To make matters even more perplexing some historians claim that John Hanson was the first President of the United States as he was the first person to serve the full one-year term (1781-82), under the ratified Articles of Confederation. This again is incorrect.

The ratification occurred during the term of Samuel Huntington who served as President from September 28, 1779 to July 6, 1781. Consequently, Samuel Huntington was the first President of the United States in Congress Assembled.

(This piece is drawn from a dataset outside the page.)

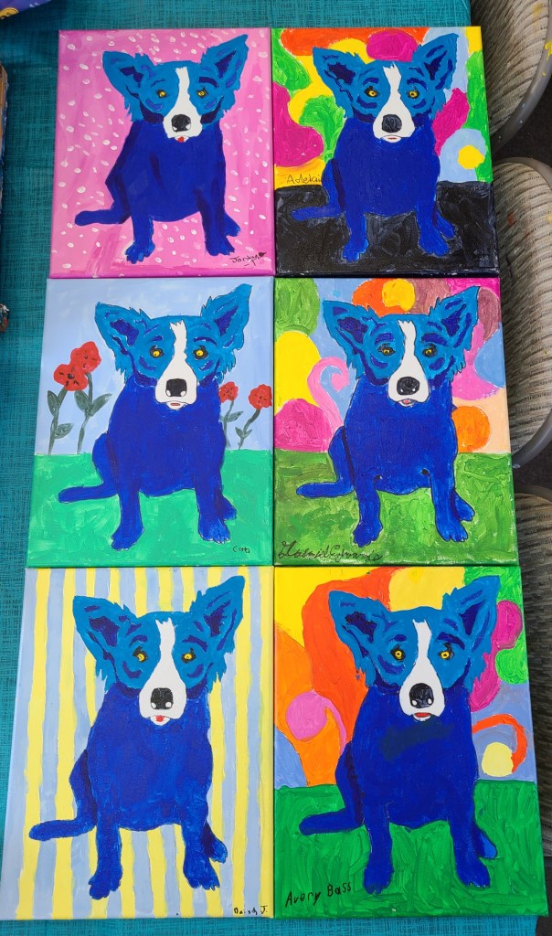 The Art Campers painted Rodrigue’s Blue Dog yesterday. They are fabulous! Nice work.

NOTE: If you were lied to about this? WHY? To make-a-god named Washington? If they lie about these details, would they have any qualms about lying about more important things?

Samuel Huntington

Signer of the Declaration of Independence

SAMUEL HUNTINGTON was born on July 3, 1731 at Windhan, Connecticut, the son of a Puritan farmer. He was a self-educated man who at age sixteen, was apprenticed to a cooper. He taught himself Latin at night and devoured every book on law he could find. At twenty-seven he was admitted to the bar, then moved to Norwich, a larger town offering more opportunity. After a year, however, he married the local minister's daughter, and set up what would eventually become a most lucrative law practice.

In 1764, Huntington was elected to the provincial assembly, and in quick succession became a justice of the peace, the king's attorney for Connecticut, and a member of the colony's council. Later he was elected President of the Second Congress.

Huntington worked hard and long for independence, however quietly. A fellow delegate wrote: "He is a man of mild, steady, and firm conduct and of sound methodical judgement, tho' not a man of many words or very shining abilities. But upon the whole is better suited to preside than any other member now in Congress."

After signing the Declaration, Huntington served in Congress for ten more years. In 1778 he also signed the Articles of Confederation. He was still president of Congress when the Articles were ratified by Maryland, the last state to agree, in 1781. Not long after that, Huntington resigned from Congress due to illness. He returned to Connecticut where he served as an associate justice of the superior court. In 1785, he became lieutenant governor of Connecticut. A year later he was elected governor and was reelected to that office for ten consecutive years.

Huntington died on January 5, 1796 at the age of sixty-four.